# Record extracts
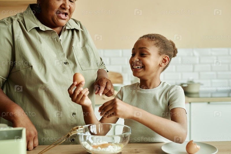 Бабушка учит ребенка с яйцами готовить блины на бежевой кухне
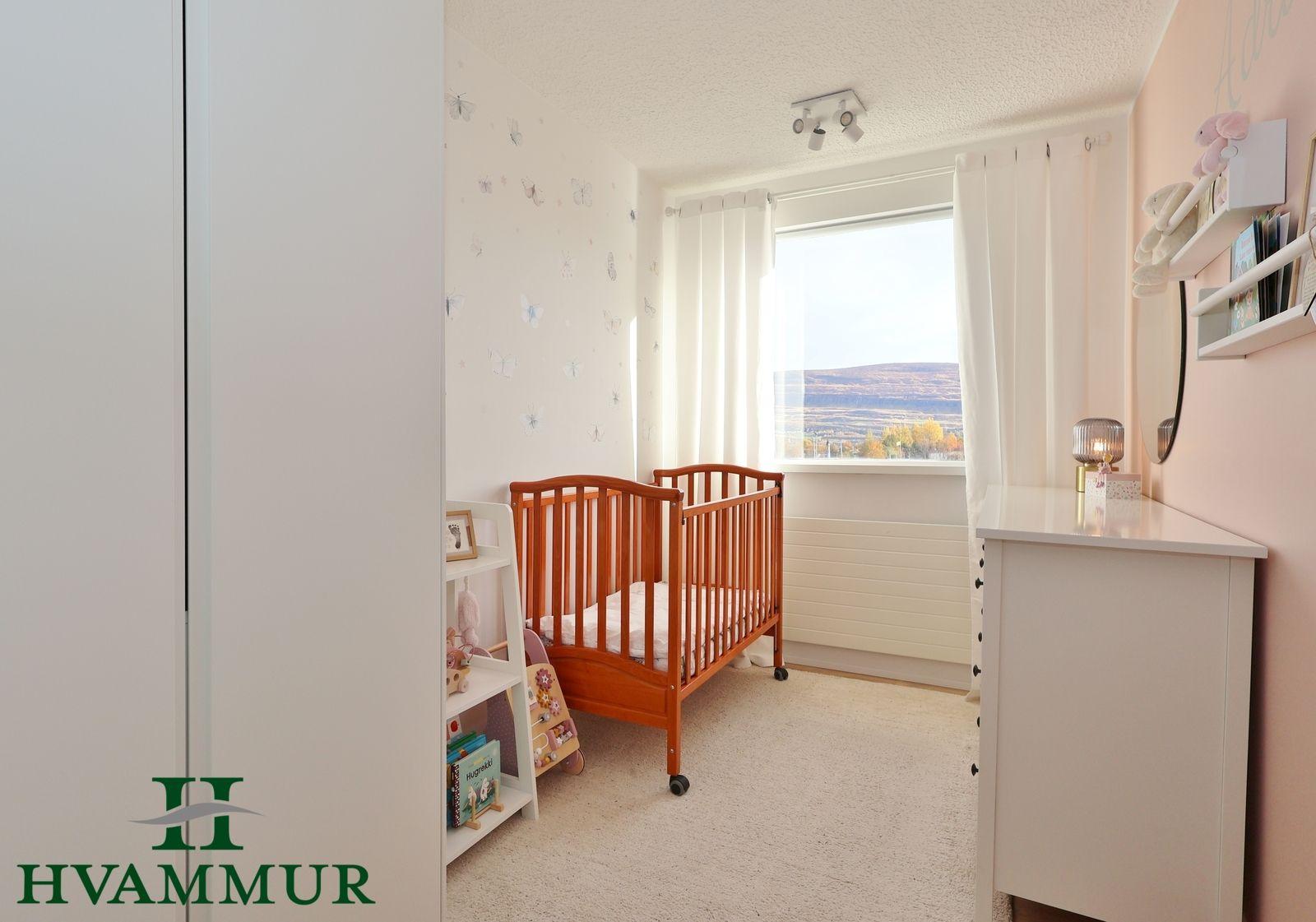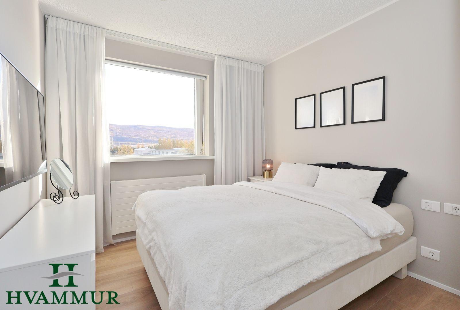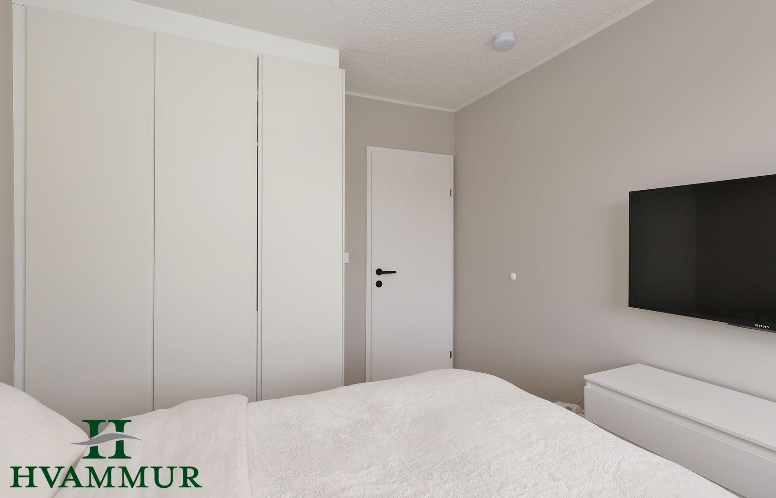 Svefnherbergin eru tvö, bæði með nýlegu harð parketi á gólfi og hvítum nýjum fataskápum.
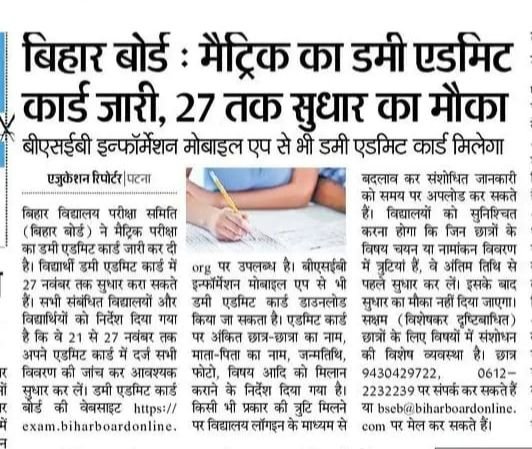 Bihar Board 10th Dummy Admit Card 2026-इस तरह से करें दसवीं कक्षा का डमी एडमिट कार्ड डाउनलोड !
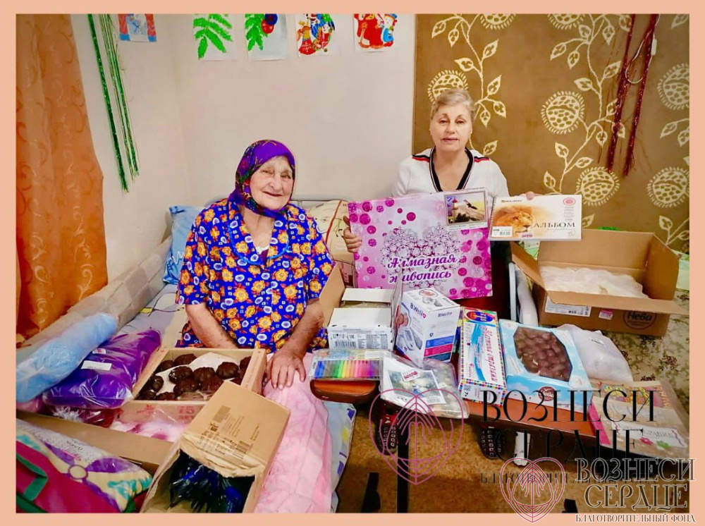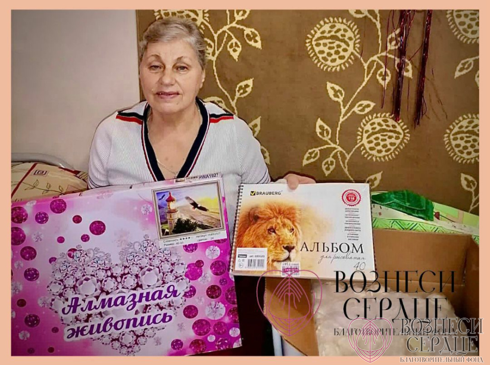 «Добрая фея» Ксения из г. Москвы прислала подарочки двум нашем сестричкам: Агаповой Вере Николаевне и Масловой Александре Николаевне. Курьер привёз много пакетов с подарками (24 позиции). Нитки для вязания, 4 картины «Алмазная мозаика», картинка для раскрашивания, фломастеры, чай, тонометр электронный, мягкий плед, альбомы для рисования, много-много сладостей. В комнате для двух бабушек и их гостей я устроила чаепитие с тортиком. Вера Николаевна – наша рукодельница: вяжет крючком цветы, салфетки, перерисовывает картинки и раскрашивает их, участвует во всех наших мероприятиях. Я исполнила весёлые песни, пока гости пили чай. Спасибо Ксения за Ваше доброе отношение к пожилым людям. И пусть Ваши добрые дела вернутся к Вам сторицей. С Новым 2022 годом!»
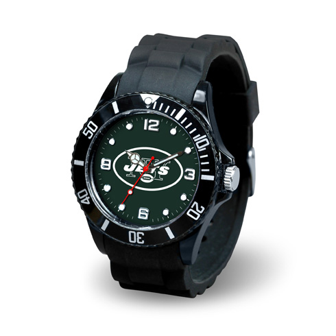 New York Jets Spirit watch features a round dial with team logo and ratcheting sport elasped time bezel. Case size: 33mm, Case thickness: 8mm, case lug size: 14mm. Supple silicon rubber strap with sports buckle. Strap length: 7in to 9in. Precision quartz movement. Includes free gift tin. Water and shock resistant to 3 ATM. Stainless steel caseback. Acrylic crystal lens and team color bezel. Silver time and fluorecent hands. Limited lifetime warranty.
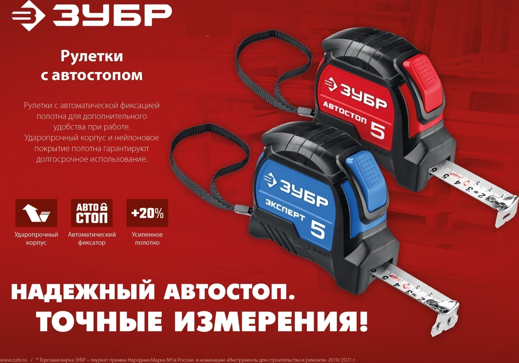 Рулетка с автостопом ЗУБР 5 м х 25 мм
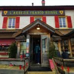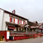 Le repas méridien est partagé au restaurant. Au menu, salade comtoise en entrée, tomme vaudoise poêlée sur lit de saucisse de Morteau, pomme de terre, sauce crème en plat de résistance et soupe de fruits rouges et sorbet en dessert (pour alléger un peu les plats précédents). Petite particularité : le restaurant étant situé à cheval sur la frontière franco-suisse, il valait mieux être en règle avec ses papiers d’identité pour circuler…
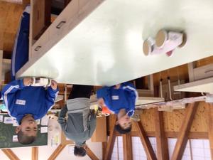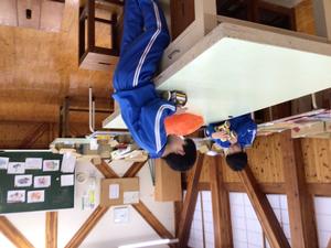 空き箱を使って車を作りました。ゴムの力で走る車です。車の土台ができあがり、動かしてみました。次の時間には、車の上の部分を仕上げていきます。
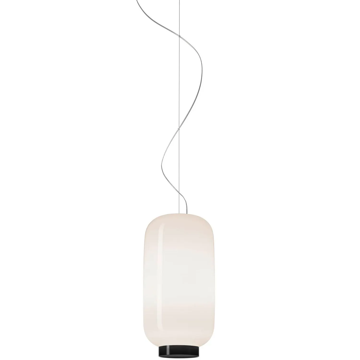 The pendant by Ferruci has a stylish, white design in mouth Breath glass with a rounded shape and a black collar at the bottom to provide a direct downward light. The lamp is beautiful by itself, in a row or as a cluster in different sizes, which creates a cool effect.
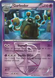 Garbodor (Japanese: ダストダス Dustdas) is a Psychic-type Stage 1 Pokémon card. It is part of the Plasma Storm expansion.
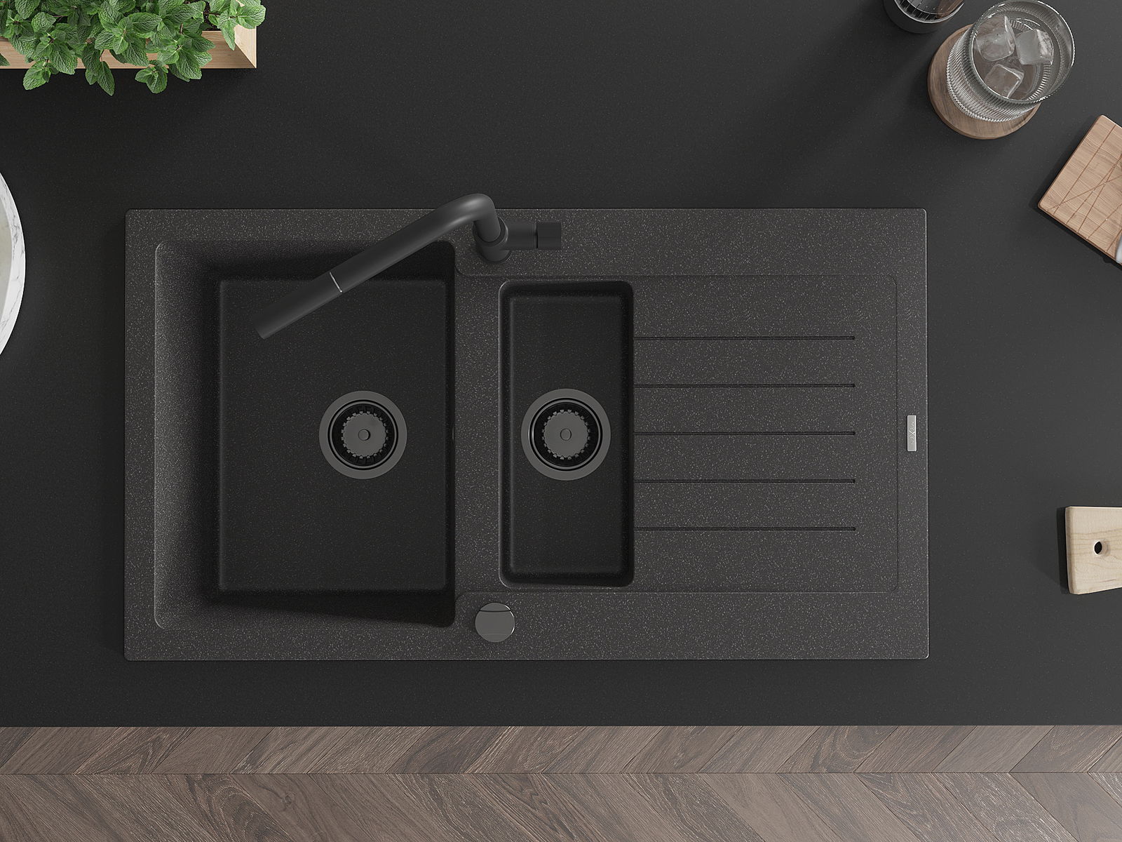 Мивката е направена от висококачествен гранит. Това е елегантно и най -вече практично допълнение към всяка кухня, независимо от нейния стил. Висококачествената и гранитна издръжливост осигуряват много години употреба.
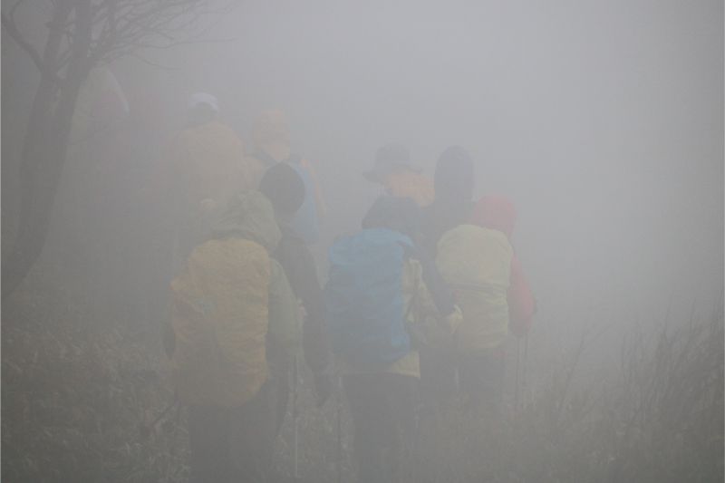 10Mも離れると前方の人の姿が見えにくくなってしまうほどの濃霧が発生。
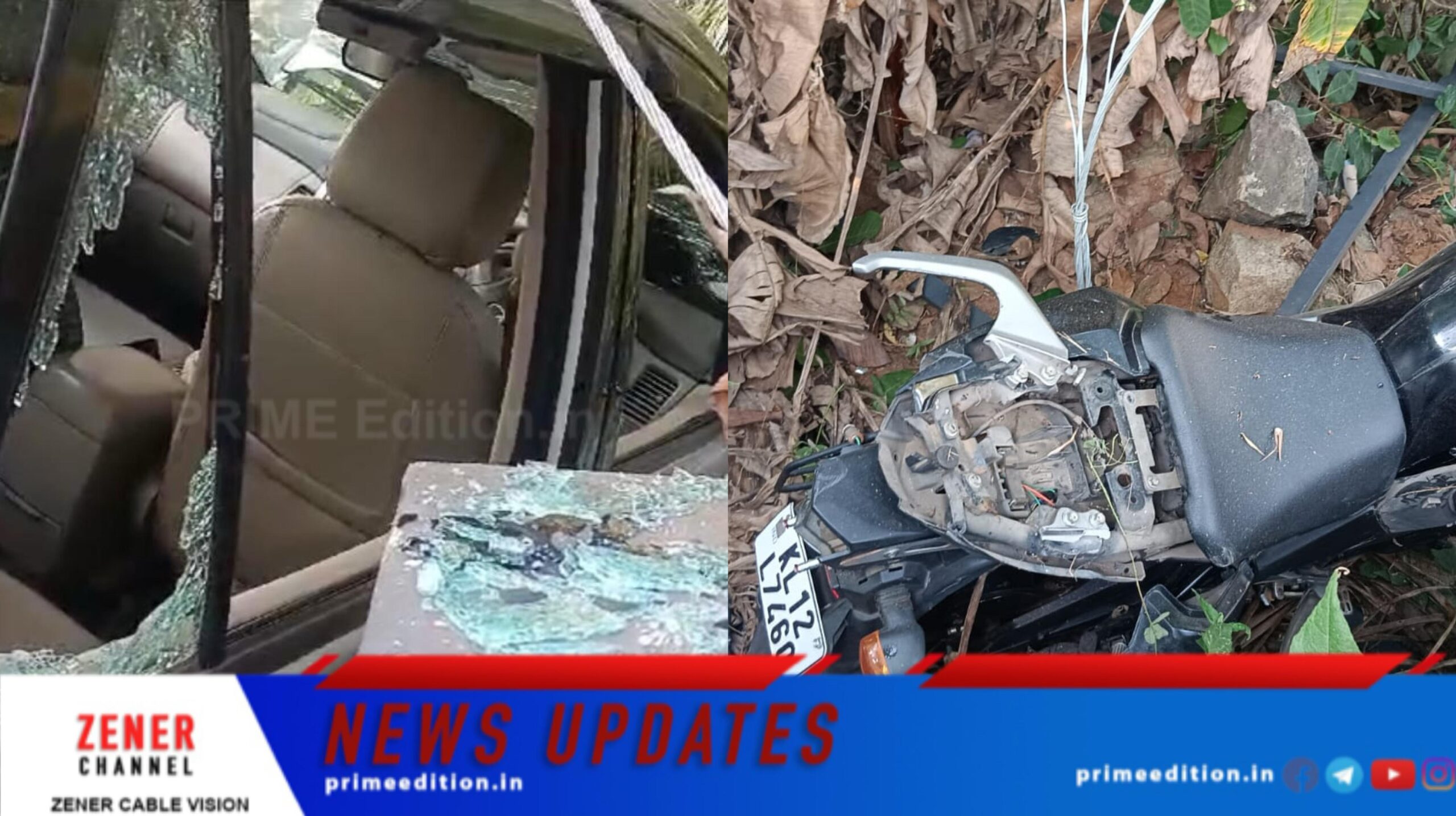 ബൈക്ക് യാത്രക്കാരെ 10 മീറ്റർ ഓളം ദൂരെ ഇടിച്ചുതെറിപ്പിച്ച നിലയിലാണ് . കെഎസ്ഇബി എച്ച് ഡി ലൈനും വീടിന്റെ മതിലും തകര്ത്ത നിലയിലാണ് കാർ.

# Task details
Could you reproduce exactly the lines running from the one with "Le repas méridien" through the final line of the listing above, both included, and drop the pictures?

# Written response
 Le repas méridien est partagé au restaurant. Au menu, salade comtoise en entrée, tomme vaudoise poêlée sur lit de saucisse de Morteau, pomme de terre, sauce crème en plat de résistance et soupe de fruits rouges et sorbet en dessert (pour alléger un peu les plats précédents). Petite particularité : le restaurant étant situé à cheval sur la frontière franco-suisse, il valait mieux être en règle avec ses papiers d’identité pour circuler…
 空き箱を使って車を作りました。ゴムの力で走る車です。車の土台ができあがり、動かしてみました。次の時間には、車の上の部分を仕上げていきます。
 The pendant by Ferruci has a stylish, white design in mouth Breath glass with a rounded shape and a black collar at the bottom to provide a direct downward light. The lamp is beautiful by itself, in a row or as a cluster in different sizes, which creates a cool effect.
 Garbodor (Japanese: ダストダス Dustdas) is a Psychic-type Stage 1 Pokémon card. It is part of the Plasma Storm expansion.
 Мивката е направена от висококачествен гранит. Това е елегантно и най -вече практично допълнение към всяка кухня, независимо от нейния стил. Висококачествената и гранитна издръжливост осигуряват много години употреба.
 10Mも離れると前方の人の姿が見えにくくなってしまうほどの濃霧が発生。
 ബൈക്ക് യാത്രക്കാരെ 10 മീറ്റർ ഓളം ദൂരെ ഇടിച്ചുതെറിപ്പിച്ച നിലയിലാണ് . കെഎസ്ഇബി എച്ച് ഡി ലൈനും വീടിന്റെ മതിലും തകര്ത്ത നിലയിലാണ് കാർ.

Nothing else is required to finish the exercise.